Booth ISH 2025

Vanità & Casa
Vista frontale dello stand Vanità & Casa a ISH 2025, con volume monolitico scuro, aperture espositive e prodotti illuminati all’interno.

Booth ISH – Vanità & Casa nasce nel 2025 come progetto di art direction per raccontare un marchio che lavora sul rapporto fra design, innovazione e presenza materica. L’obiettivo non era semplicemente esporre una collezione, ma costruire un luogo coerente, riconoscibile e capace di trasformare le tecnologie del brand in un’esperienza comprensibile.

Lo stand si sviluppa come un’architettura sobria e controllata, giocata su un impianto modulare rigoroso e su una percezione quasi monolitica dell’involucro. In questo scenario scuro, compatto e misurato, la luce dei prodotti acquista precisione, emergendo con maggiore intensità e definendo una gerarchia visiva immediata.

In collaborazione con EXPO Allestimenti è stato adottato un sistema di finitura a canvas, caratterizzato da una sfumatura che sale dal nero pieno della base verso una tonalità alleggerita nella parte alta. La scelta non risponde solo a un criterio visivo, ma anche costruttivo: modifica il sistema di allestimento, riduce la quantità di materiale ligneo destinato al macero e contribuisce a contenere l’impatto ambientale complessivo.

Al centro del progetto, una “isola tecnologica” ruotata di 45 gradi organizza il racconto interno dello stand. Questo elemento non è solo un fulcro distributivo, ma il punto in cui l’innovazione viene spiegata, mostrata e resa tangibile. La tecnologia, qui, non è trattata come effetto speciale: è un contenuto da ordinare, chiarire e restituire al visitatore in una forma accessibile.

Strategy

La strategia del progetto consiste nel trasformare lo stand in un ambiente identitario, capace di tenere insieme esposizione, orientamento e racconto di marca. Il rigore del layout, la compattezza dell’architettura e la selezione di un linguaggio materico quasi assoluto costruiscono uno sfondo coerente entro cui i prodotti possono emergere senza dispersione.

La presenza dell’isola centrale introduce una chiave di lettura precisa: non un semplice punto informativo, ma un cuore narrativo che aiuta il visitatore a comprendere le logiche tecnologiche del brand. In questo modo lo spazio non si limita a mostrare oggetti, ma organizza un’esperienza di lettura.

Design

Il progetto lavora per sottrazione. L’involucro esterno si presenta come un volume scuro, netto, quasi astratto, capace di dare continuità all’insieme e di concentrare l’attenzione sulla luce, sui prodotti e sulla profondità degli scorci interni. Le aperture scandiscono il perimetro con ritmo misurato e trasformano ogni affaccio in una scena.
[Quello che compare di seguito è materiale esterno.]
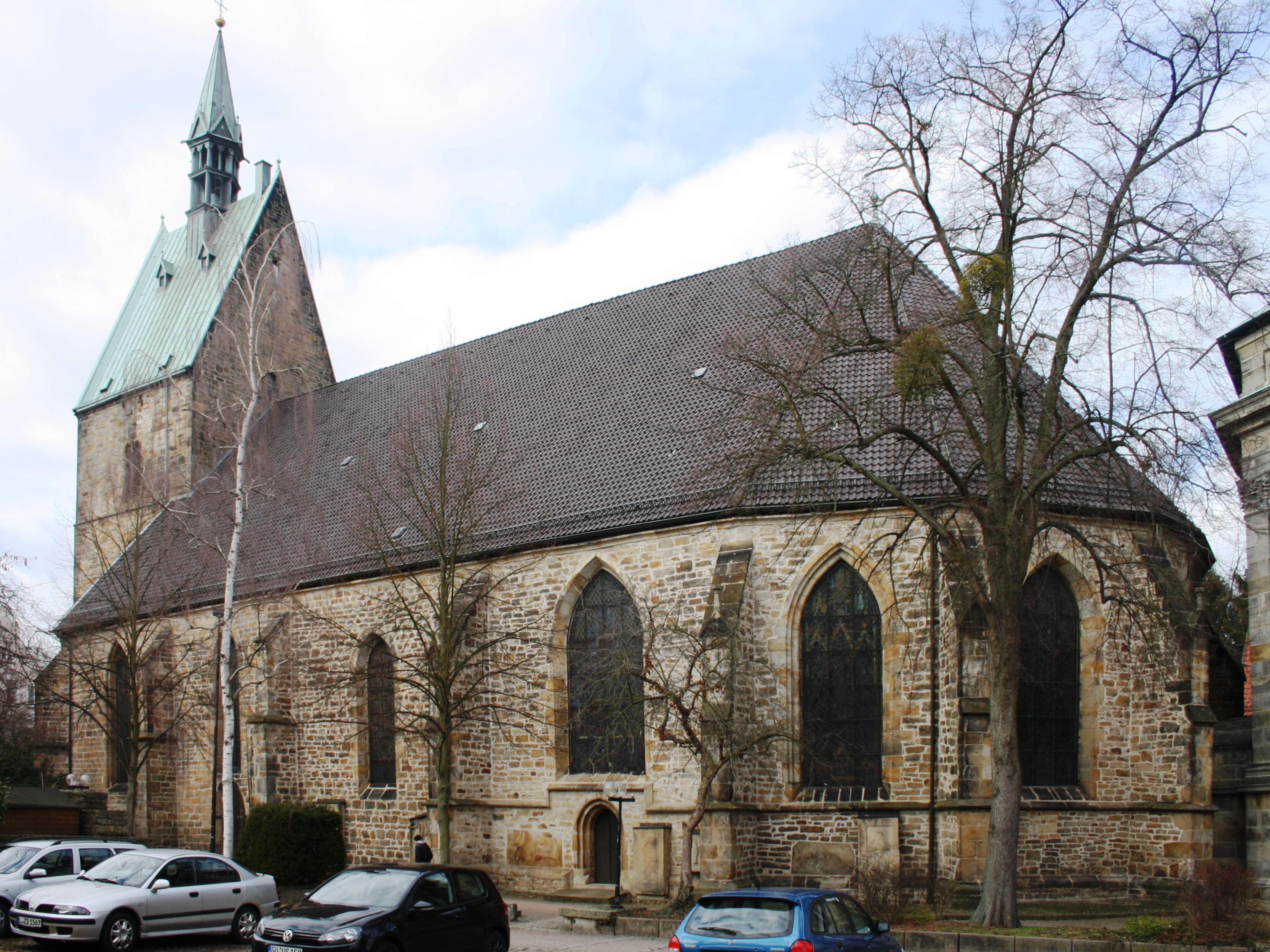 Saint Martin in Stadthagen, Germany. Exterior from South-East.

All’interno, la rotazione dell’isola centrale rompe la rigidità dell’impianto ortogonale e introduce una tensione controllata, utile sia alla distribuzione sia alla percezione spaziale. Il contrasto tra superfici opache, bagliori luminosi e riflessi dei prodotti definisce un’atmosfera essenziale, contemporanea, quasi museale, in cui ogni elemento viene portato a una maggiore evidenza.

Results

Lo stand restituisce a Vanità & Casa un’immagine forte, ordinata e immediatamente riconoscibile, coerente con un posizionamento che mette in relazione design e innovazione. L’allestimento valorizza i prodotti senza sovraccaricare lo spazio e costruisce un ambiente capace di accogliere, orientare e raccontare.

Il progetto produce anche un risultato metodologico importante: dimostra come una scelta formale apparentemente semplice possa incidere sulla qualità percettiva, sulla chiarezza espositiva e, al tempo stesso, sulla riduzione dell’impatto materiale dell’allestimento. È in questo equilibrio tra immagine, funzione e responsabilità che lo stand trova la propria misura.